Jesus arrived by boat in the region of the Gerasenes, opposite Galilee. It was country. The goyim, the uncircumcized. Outsiders to Israel. He came to seek and to save the lost, even the lost outside the house Israel. Waiting on the shore to meet Him was homeless and naked man possessed by a “legion” of demons, living among the dead in the catacombs. The local authorities had seized him and bound him in shackles and chains, but he always managed to escape and flee back to the wilderness.
The demons feared Jesus. They knew who He was – the Son of the Most High God. They had a bead on Him. They knew why He had come – to cast them into the abyss, Gehenna, the eternal of fire, the place of eternal imprisonment for disobedient spirits. Spirit cannot be saved because they cannot die and rise. All they can do is bargain, lie, and try to cut a deal. They ask to be cast into a herd of pigs instead of the abyss. Jesus obliges. He allows them to take possession of a herd of pigs, which promptly throw themselves off a cliff into the sea. It was a picture of the ultimate judgment, a little visual of what was yet to come for these spirits when they would be cast into the Lake of Fire. The Garasene pig farmers just lost a herd of pigs. Pork belly futures skyrocketed, the price of bacon shot through the roof. And the homeless man who live naked among the dead was once again in his right mind, clothed among the living.

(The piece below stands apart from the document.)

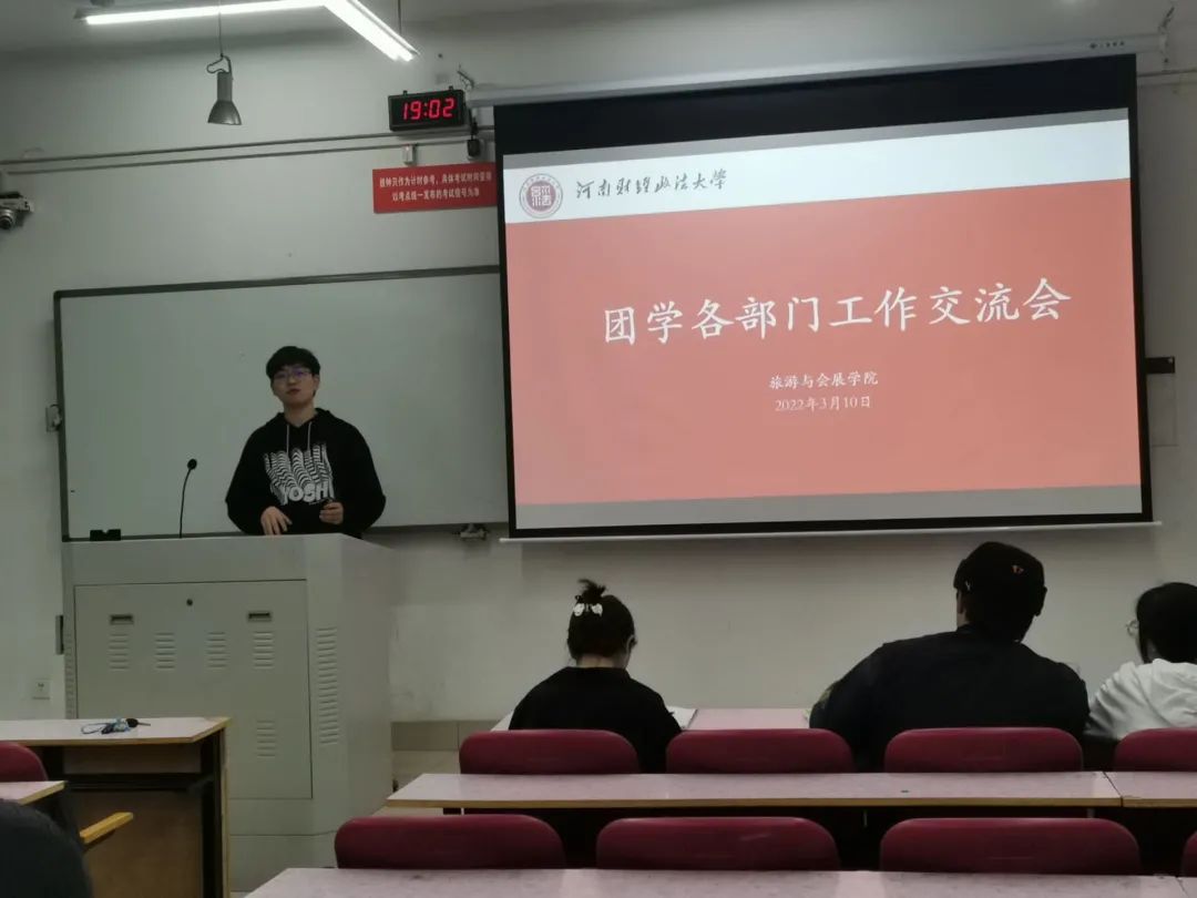 3月14日,德赢Vwin官方区域合作伙伴组织团学各部门于第一教学楼201教室开展工作交流会。学生赵天煜担任主讲人,主要学生干部到场参加。
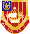 The shield is red for Artillery. The six pallets couped produce a diminished bordure effect on the shield and represent the six batteries comprising the Regiment at the time of its organization. The ship is a representation of the ship of Don Juan Rodrigues Cabrillo, a Portuguese, who discovered San Diego Harbor. The charges on the canton, the fleur-de-lis encircled by a garland of laurel, are taken from the coat of arms of the 250th Coast Artillery, as Batter B of the 251st Coast Artillery, California National Guard, is a descendant of Batter F of the 250th Coast Artillery, California National Guard which served during World War I as B Battery of the 65th Coast Artillery (US).

It’s a weird and disturbing story, the stuff of horror movies and Steven King novels. Little wonder the locals asked Jesus to leave. That’s more than enough melodrama for a lifetime. “Please go back to Galilee, Jesus. We don’t need that kind of thing here. It’s bad for our economy and for tourism. Leave us alone. Please.”
One can only imagine this man’s tortured life of madness and isolation. The Scriptures never explain how people come to be possessed by unclean spirits. They just are. It doesn’t seem to be their fault or anyone’s fault. It’s more like catching a spiritual virus. We don’t know how long this man was afflicted. It just says “a long time.” And it’s not as though he came to Jesus to be healed. The demons drove the man to Jesus for a confrontation. In a sense, the man is incidental to the story – a pawn; a victim. One minute he’s naked and isolated, a raving homeless madman in the catacombs. The next, he’s clothed and sitting at the feet of Jesus, wanting to join the band of disciples.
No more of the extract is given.